A developer maintains a user-level skill and a project-level skill with the same name. On Copilot CLI, the project version takes precedence; on Cursor, the user version does. If the skills have different content or are modified at some point, then there will be silent inconsistency across agents.

Cross-Project Contamination¶

User-level skills are globally visible across all projects on the machine. A developer creating a skill at ~/.agents/skills for one project may find it bleeding into other projects where it causes unexpected behavior. The standard does not establish conventions for isolating user-level skills or managing their lifecycle, leaving developers to manage contamination manually.

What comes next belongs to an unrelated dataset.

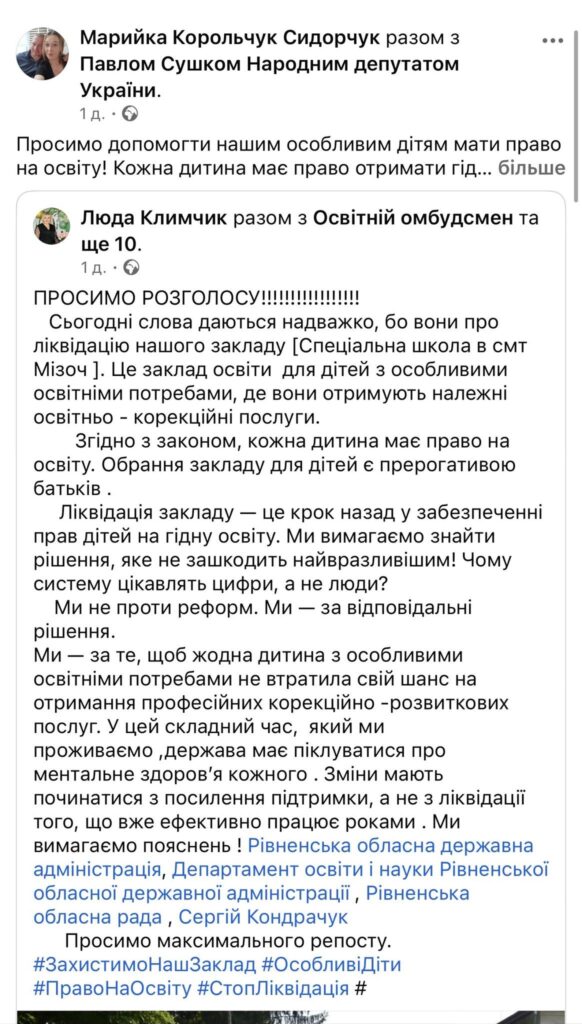 На сайті Рівненської обласної ради опубліковані чотири проєкти рішень про проведення громадських слухань про ліквідацію спецшкіл у Мізочі, Великих Межиричах, Тучині та в селі Чудель. Ініціаторами цих рішень є департамент освіти і науки Рівненської ОВА, а не Рівненська облрада. Закриття спеціалізованих шкіл відбувається, щоб зекономити кошти.

Precedence Unpredictability¶

Developers targeting multiple agents cannot rely on a single precedence rule; Copilot CLI uses subdirectory > project > user, Copilot in VS Code uses user + project (ignores subdirectory), and Cursor uses user (ignores project). A developer who understands Copilot CLI precedence will be surprised to find that the same folder structure produces different results in Cursor.

Why Standards Fail Without Enforcement¶

The Agent Skills standard documents these conventional paths. The standard does not mandate that agents read all paths, nor does it define a required precedence hierarchy. It prescribes conventions that each agent implementation can choose to follow, partially follow, or reinterpret.

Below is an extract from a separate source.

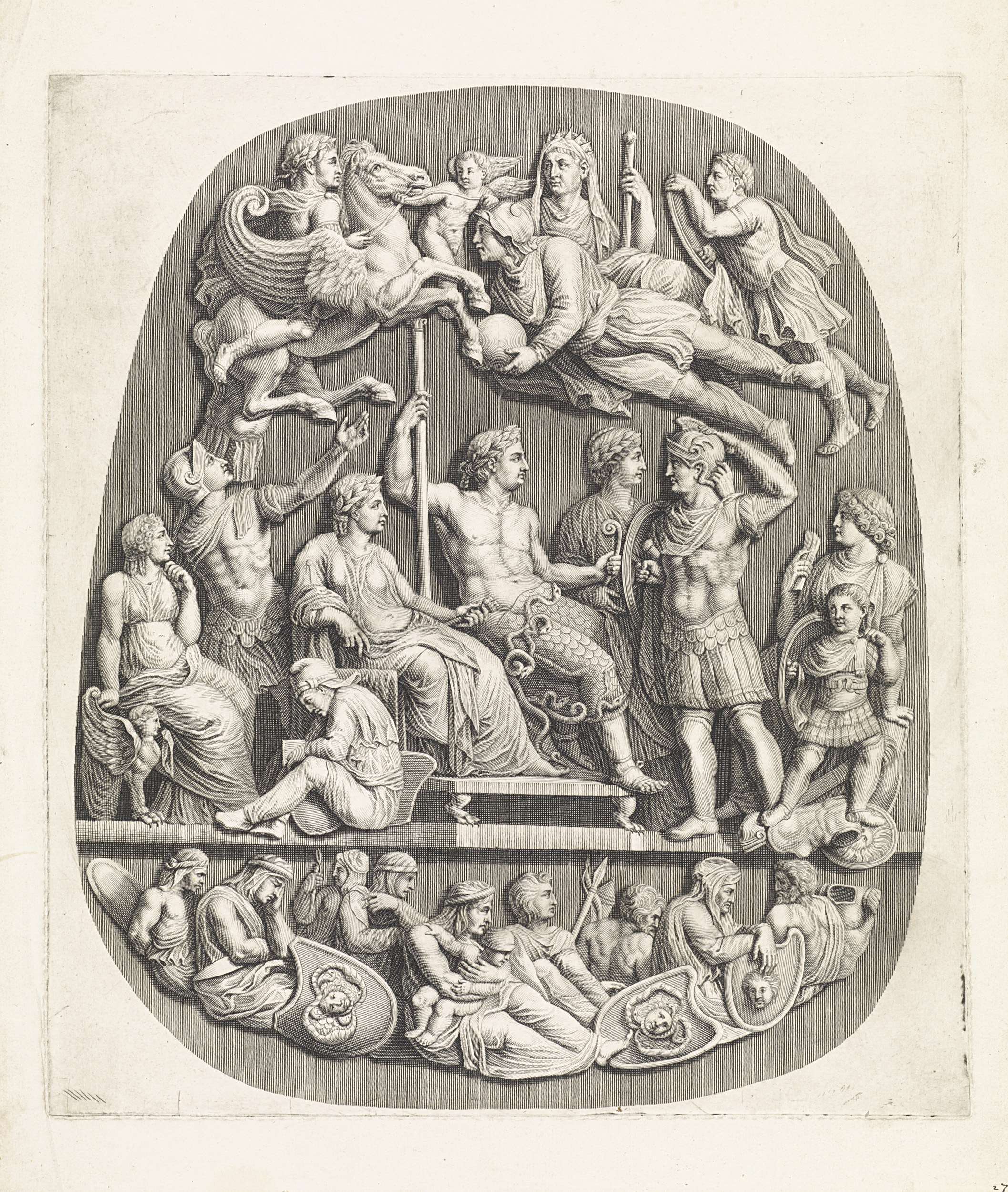 Een camee (Gemma Tiberiana) met een voorstelling van de verheerlijking van Germanicus. Keizer Tiberius en zijn moeder Livia zitten op een troon. De Romeinse veldheer Germanicus neemt afscheid van hen. Boven hen stijgen de lichamen van overledenen op naar de hemel. Onder hen een groep barbaren die door de Romeinen gevangen zijn genomen.

This approach assumes convergence through voluntary adoption. In practice, each agent team makes independent architectural choices that reflect their product's design philosophy and their users' expectations. Without enforcement mechanisms, the standard becomes a reference rather than a contract. Developers read the standard, assume it describes reality, and then encounter divergent behavior at deployment time.

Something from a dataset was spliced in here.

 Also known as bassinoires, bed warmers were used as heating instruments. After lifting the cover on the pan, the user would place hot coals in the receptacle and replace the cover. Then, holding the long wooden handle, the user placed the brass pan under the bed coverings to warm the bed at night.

Enforceable standards require three components:

Mandatory coverage: Every agent must read at least the generic paths (~/.agents/skills, .agents/skills) to ensure baseline portability.
Documented precedence: The standard should define a precedence hierarchy (e.g., subdirectory > project > user) and require all agents to conform or explicitly document their deviation in prominent developer documentation.
Diagnostic infrastructure: Each agent should expose commands to help developers verify skill visibility at each path. Without diagnostics, developers have no way to validate deployment without trial-and-error testing.

The Agent Skills standard currently specifies none of these. As a result, it functions as aspirational documentation rather than a binding contract between agents and developers.

Actionable Takeaways¶

If you are developing skills for cross-agent deployment:

Test each target agent individually with your skill at each location you plan to deploy. Treat vendor documentation and standard claims as hypotheses to verify, not facts. Build a deployment checklist specific to your target agent set.
Establish a per-project convention for skill placement and document it prominently. Use one location across all agents where possible (e.g., .agents/skills at project root), and accept that some agents may not find project-level skills. Avoid duplicating skills across locations; if you must maintain them in multiple places, use a build tool to ensure they stay in sync.
For user-level skills, use agent-specific paths rather than the generic path. Place Claude skills at ~/.claude/skills, Copilot skills at ~/.copilot/skills, and so on. This avoids creating globally visible skills that may conflict with other projects.
Add a validation step to your skill release process that confirms detection across all target agents before marking a release as complete. Automate this if possible using agent CLIs or APIs.
Engage with agent teams to advocate for enforcement mechanisms in the standard. The conversation between standard maintainers and implementation teams needs to shift from "what should agents do?" to "what must agents do?" and "how do we verify it?" Until that shift happens, cross-agent skill distribution will remain error-prone.